Add avocado, agave nectar and cacao powder. Blend for 30 seconds on speed 6 using the spatula to assist if required. Scrape around sides of bowl and add reserved liquid if required (I used approx 60g) and blend for 45 seconds on speed 6.
Pour this mixture into the base and refrigerate for a minimum of 3 hours.

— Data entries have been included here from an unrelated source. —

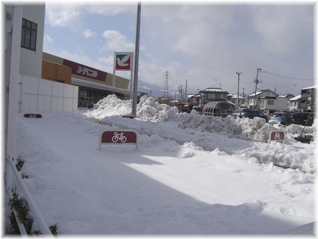 元気だけが唯一の取り柄だったわたしですが今回の雪には負けて、ついに風邪をひいてしまいましたでも、薬を飲んで大人しくしてましたので、もう大丈夫です(^o^)v土曜日の夜中、通りを除雪車によって車が通れる様にして貰ったのですが両サイドに積み上げられた雪によって、横道からバス通りに出られず日曜日は近所の人達総出で半日かけての雪かき作業が行われ家からもT男が出て作業してくれました下の写真は月曜日の朝の写真ですがT男の会社駐車場がどうなっているのか分からない為風邪気味ではありましたが、私が送って行ったのです前日皆さんが雪かきをして下さったにも関わらず何度もスリップしかけて、かなり慎重に運転して送ってきたのでした飯坂街道には、前日から動けなくなったと思える車が放置されてたしバスが運休していた為、朝7時というのに飯坂電車の駅には多くの電車を待つ人達の姿がありましたよく、雪の処理を巡って近所同士でトラブル発生なんて聞きますがその理由が私にも分かった気がします昨日、リサイクル収集日でゴミを出しに出ましたらいつも雪かきの雪を流している小川の所が雪の山になっていたのです恐らく、ここを雪かきした人が川に捨てないでそこに積んでいったのだと思いますがこれでは、次に雪が降った時に捨てられなくなってしまいます 風邪が治りきっていませんでしたが、我慢出来ずすでに凍ってしまったその山を草削りで少しずつ割りながら、川に落としていましたら通りかかった知らない人が車を停めて、「そんなんじゃ駄目だよ」と車からスコップを出して凍った雪の山を割ってくれたのでしたそれまでは、そこに雪を捨てた人を恨みながら雪を割っていた私でしたがそういう自分がとても恥ずかしく思えましたお礼を云うまもなく、その方はすぐに立ち去ってしまいましたが本当に助かりましたし、おおいに勉強になった事でもありました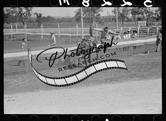 Riding a bucking horse,rodeo,Miles City,Montana,MT,Arthur Rothstein,FSA,23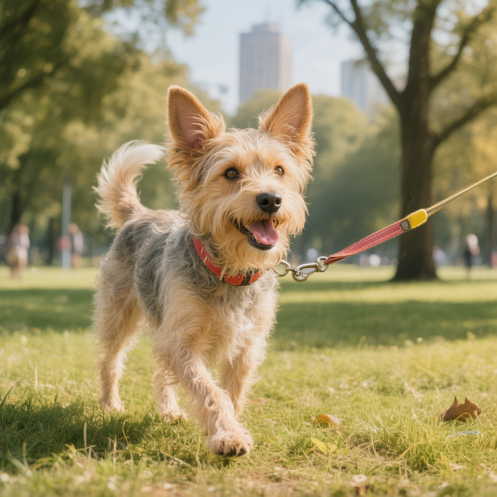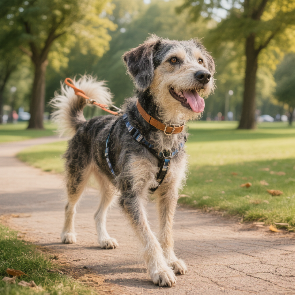 A joyful dog walking in a beautiful park setting.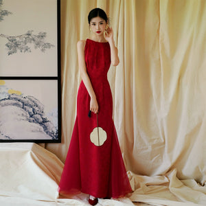 "Happy hairpin" red yarn original improved cheongsam bridal wedding dress toasting dress engagement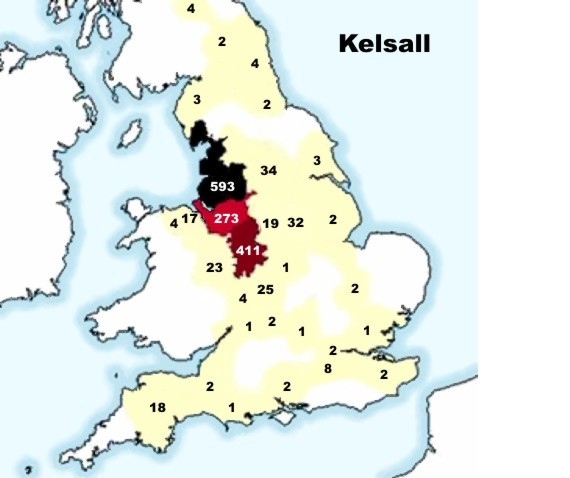 Over half of all Kelsall households in the U.K. are in three counties, Staffordshire, Lancashire and Cheshire. In the USA, Kelsall is such a rare name that it is not found in the list of the 88,799 most common names found by the official Census. If you have any information to add to these numbers please e-mail me at kelsall@q.com.

Serve, topped with chopped pistachios
My tips/alterations: *If your coconut oil becomes solid, I find the easiest way to get it out is to sit the bottle/jar in a container of hot water a few minutes before you need it. *The reserved date liquid is completely optional. I just found the mixture a little thick without it and by adding it in I got a smoother consistency. *For an even richer “cake” you can add more raw cacao powder. You need to make sure it is raw cacao as some cocoa (spelt differently by the way) powders are heated above 37C during processing. This is one of the reasons I choose to use raw cacao nibs. If you can’t find the nibs use 70-80g cacao powder. *To chop the pistachios, I just used closed lid and turbo a couple of times until I got the desired texture. * If you leave the pistachios off, this is nut free. *You will find most of these ingredients in the health food store. Some Asian food stores also sell coconut oil.
ease: 9.5/10. The hardest part was getting ingredients that I had never used. But now my pantry is we stocked.
prep time: 25mins (20 mins to soak dates, 5 minutes for me to actually do anything).
cooking time: 0mins (no cooking required) + 3 hours chilling.
total: 25 minutes + 3 hours chilling.
taste: 9/10. I loved this. It was dense, rich and tasted great. I also found that I was amazingly satisfied with just one piece. It actually took me 5 days to eat the whole thing, and that was sharing it too. 7.5/10 from G. He wasn’t as impressed because he has a prepensity towards lemon cheesecake. And although this looked like cheesecake it didn’t taste like his favourite lemon version. In saying that, he still thought this was pretty good for “what it was”.
would I make it again: Absolutely In fact, I happen to have a few extra avocados again this week, so I might need to make another one.